The Jewish community of Panama was engulfed by grief and apprehension this week following the deadly crash of a commuter plane Tuesday carrying mostly Jews on a flight between Panama City and Colon.
All 21 on board were killed, among whom 12 were Jewish, and at least four of them Israeli, according to the Israeli Embassy in Panama City and other sources.
The flight is a known route for Jewish business commuters, and the Jewish community feared that the plane had been bombed by terrorists. Most of the passengers lived in Panama City and worked in Colon, an important commercial city that is part of a free-trade zone.
Panama’s president-elect, Ernesto Perez Balladares, who was in Washington this week to meet with President Clinton, confirmed to reporters Wednesday that the crash “was not an accident, but a planted bomb inside the plane.”
The incident sparked concern among the 7,000-member Panamanian Jewish community, especially since it occurred only one day after a bomb exploded in the main Jewish community building in Buenos Aires, killing at least 34 people.
“The whole Jewish community is in shock,” said Joseph Harari, chairman of the Latin American section of B’nai B’rith, speaking from Panama City. Harari knew all the victims and is an uncle of one of them.
Harari had ironically been asked by Kent Schiner, international president of B’nai B’rith, to go to Buenos Aires as the organization’s Latin American representative at a march to be held Thursday by the Jewish community to protest Monday’s bombing.
When asked about sabotage, Harari said, “The community doesn’t wish to comment or speculate on what it can be.
“But we can only indicate from what we read and learn from local officials that apparently the plane exploded in midair. All the passengers and crew were found dead in the radius of the crash,” he said.
PREVIOUS BOMBING ATTEMPT ON A VICTIM
The crash took place over mountainous terrain in heavy rain at 4:30 p.m. local time.

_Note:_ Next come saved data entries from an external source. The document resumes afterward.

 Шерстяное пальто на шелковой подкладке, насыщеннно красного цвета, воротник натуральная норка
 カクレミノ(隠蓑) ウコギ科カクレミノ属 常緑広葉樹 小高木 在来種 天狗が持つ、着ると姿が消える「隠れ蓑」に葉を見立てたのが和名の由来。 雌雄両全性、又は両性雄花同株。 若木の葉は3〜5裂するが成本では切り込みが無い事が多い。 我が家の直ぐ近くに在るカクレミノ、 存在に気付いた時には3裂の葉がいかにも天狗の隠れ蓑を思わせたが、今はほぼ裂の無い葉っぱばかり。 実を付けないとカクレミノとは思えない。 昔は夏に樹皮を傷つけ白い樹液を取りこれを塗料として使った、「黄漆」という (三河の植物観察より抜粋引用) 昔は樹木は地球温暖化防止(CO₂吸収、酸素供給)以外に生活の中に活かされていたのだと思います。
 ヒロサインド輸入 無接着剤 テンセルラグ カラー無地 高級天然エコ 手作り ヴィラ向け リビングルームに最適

Harari said, “The community wants to get the first findings” from the Panamanian government, to “determine the cause of the accident. “We have sent our request to the president.”
Warren Eisenberg, executive director of B’nai B’rith in Washington, said that because no one was arrested after the bombing in Argentina, “we are very concerned with them catching people.

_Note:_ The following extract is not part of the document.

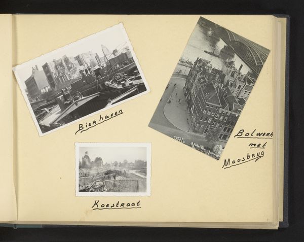Editor: Here we have "Militaire Kapel," taken around 1939-1940, an anonymous gelatin silver print currently held in the Rijksmuseum. It appears to be three photos mounted side by side in an album. It's a very matter-of-fact presentation of what I assume is a military band. How do you interpret the social context of a piece like this? Curator: Considering the time period, the stark realism documented here speaks volumes. It is not a glorious depiction of military might, but something far more quotidian, more of a record. Note the grainy texture, the album format -- this suggests a personal or institutional archive, not necessarily something meant for public consumption at the time. What effect do you think this documentation may have had? Editor: Perhaps as propaganda? To show the lighter side of military life? The mundanity of the marching band distracts from war’s reality. Curator: Potentially. However, I see a complex interaction here. While photography could be easily employed for propaganda, it also served a vital role in documenting reality. The existence of an image does not inherently confirm a singular message; the historical value increases with research. Are the musicians playing for their comrades, to boost morale during times of stress and war, or are they on parade? Knowing more would help in assessing the images. Where are they positioned, in what kind of surrounding, under whose command, and why? What feelings does this juxtaposition of private album and potential propaganda provoke? Editor: It's a reminder that even during major historical events, everyday life persists. The album format creates an intimate feel to what is usually a very public expression. Curator: Precisely. And how the framing changes how we receive these different images. It isn't as simple as declaring it propaganda. Editor: Right, seeing it through a historical lens adds depth. Thank you for clarifying that!
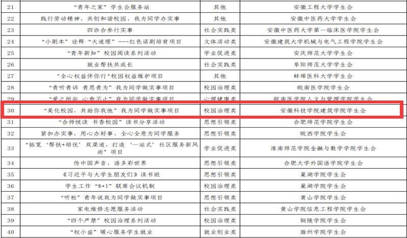 为深入学习贯彻习近平总书记中国足彩网青年工作的重要思想,践行学联学生会组织全心全意服务同学宗旨,发现、巩固、推广一批做得实、叫得响的服务项目, 推动学生会组织改革向纵深发展, 经初评、复核、省学联十大代表投票等环节,建筑学院学生会“美化校园,共助你我他”获2023年度安徽省高校学生会组织“我为同学做实事”(校园治理类)项目。

“We have raised the issue with the State Department,” Eisenberg added, and said that the matter would be brought to the attention of Panama’s president-elect.
Two sources familiar with the Panamian Jewish community told the Jewish Telegraphic Agency that the attack may be linked to an extortion campaign that has targeted several Jewish business leaders in recent months.

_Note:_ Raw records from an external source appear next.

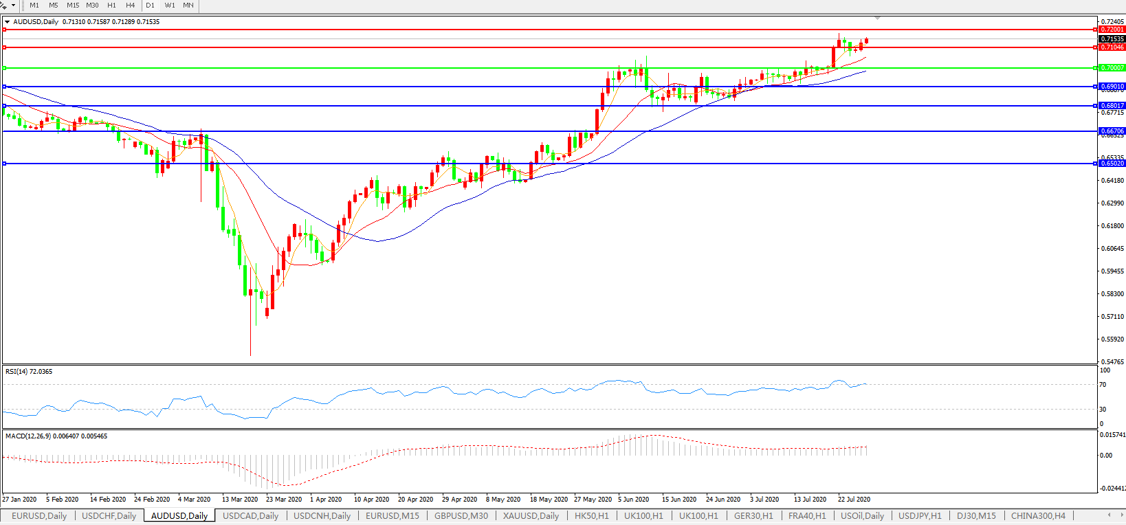 压制位:0.7100 0.7200
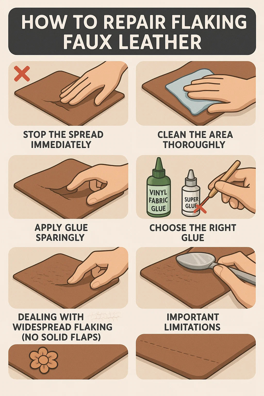 Iwasan ang Super Glue (cyanoacrylate): Nagdudulot ito ng matigas na bato at malutong. Kapag ang materyal na flexes, ang Super Glue ay mag -crack at mas masahol pa ang flaking. Maaari rin itong mantsang o matunaw ang ilang mga coatings.
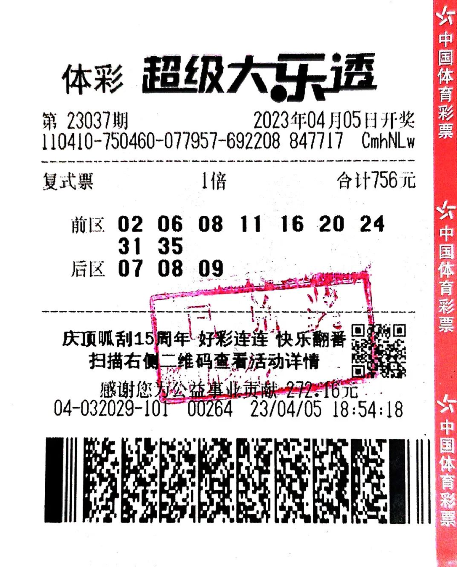超级大乐透第23037期,河南省平顶山市中出一等奖1注,中奖票为一张9+3复式投注彩票,单票总奖金808万元!这张中奖彩票是由12位购彩者共同购买!
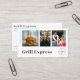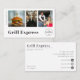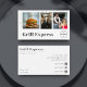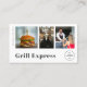 Este cartão de visita moderno personalizado para caminhões comidas, restaurantes ou serviços de entrega apresenta três modelos para adicionar suas próprias fotos favoritas, bem como seu logotipo. Todos os detalhes, como eventos, nome e mídia social ou informações de contato, podem ser personalizados individualmente. Se você não precisa de uma informação, apenas exclua a linha.
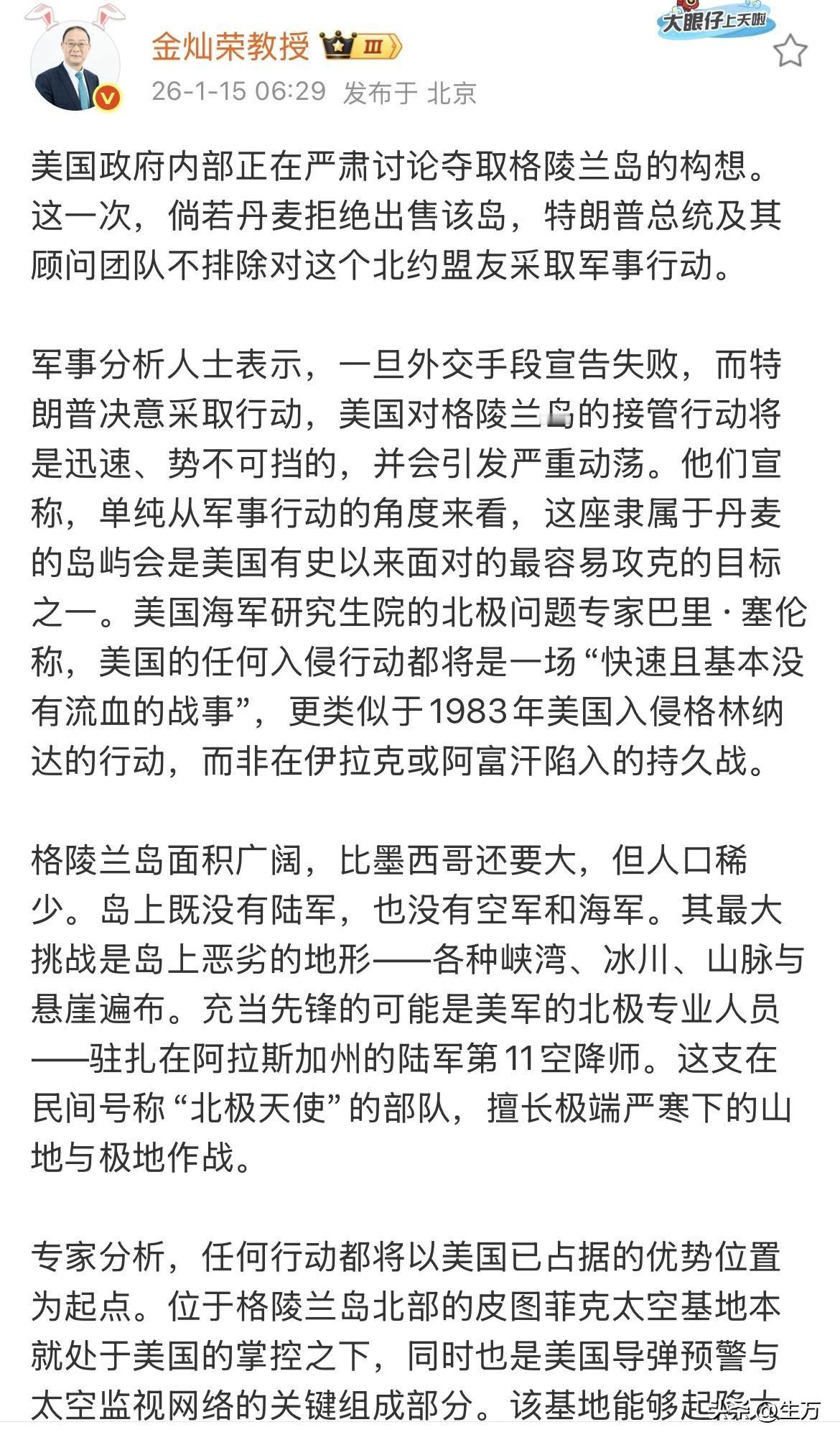 金灿荣教授凌晨6:00给我发文:格陵兰岛面积广阔,比墨西哥还要大,但人口稀少。岛上既没有陆军,也没有空军和海军! 以往金教授都睡得非常的晚 ,但是这段时间金教授起得非常的早,而且这几天他已经连续发文,其指军队格陵兰岛和伊朗两个地方 ,这两个地方存在的历史渊源和客观条件进行了全面的分析。 尤其是格陵兰岛,金教授认为,如果老头现在使用其他手段都没有什么效果的,可能他会用一些非常规的手段,不让自己陷入持久战的境地,快速地拿下他想要的地方。 尤其是这个格陵兰岛,认真地看了他的地理条件人口结构,尤其是军事组织的时候,如果老头真的要来硬的话,可以说是落花流水,让对方根本就没有阻挡的实力。 所以现在不管是格陵兰的还是伊朗,他们真的就是拿老头没有多少办法,一直在老头没有动手之前,他们会尽可能地做好准备的同时,再找一些伙伴,看看能不能够加入进来共同抵抗,这是他们目前能够选择的不多的路径之一。 但是这个时候,谁都不怎么敢通过任何形式增援或者加入,至少目前还没有看到,已经他们一眼就能看清楚老头的实力,所以大概率不会出现这么一个伙伴或者盟友,他们可能只会静静地看着这两个地方,被老头最终一点一点的蚕食。 至于会不会出现黑天鹅事件,会不会让老头的行动如此的流畅,会不会出现意想不到的抵抗,目前谁都不知道,这出戏很快就会上演,看看接下来是不是继续擒贼先擒王的游戏。

There was also some speculation that the downing might be tied to the recent kidnapping of one of the crash victims, Saul Schwartz, said sources in the community.
The mystery was complicated by the fact that one of Schwartz’s cousins had placed a bomb in his vehicle some time ago. Schwartz was not injured in that attack.
“I don’t know if we can link this at this time,” said Harari, and preferred not to comment further on that case.
Schwartz, a wholesale jeweler, had also been recently accused in Italy of smuggling gold bullion. He had denied any wrongdoing.
Two other victims were Emanuel Attie, an active member of the Panama Jewish community and president of a local lodge of B’nai B’rith, and his nephew, Alberto Attie.
The other Jewish victims of the crash were identified in the Panamanian press as Chaya Yaker; Joseph Gershon; Moshe Pardo; Isaac Harroche and his son, Mauricio; Rami Gabay; Simon Chocron; Lizzie Philips; and Freddy Moade.
Said Harari, “First we wish to bury our dead. Then I think we will pressure the local authorities to take the appropriate action, and insist that they find” the cause.
(JTA staff intern Jeannie Rosenfeld in New York contributed to this report.)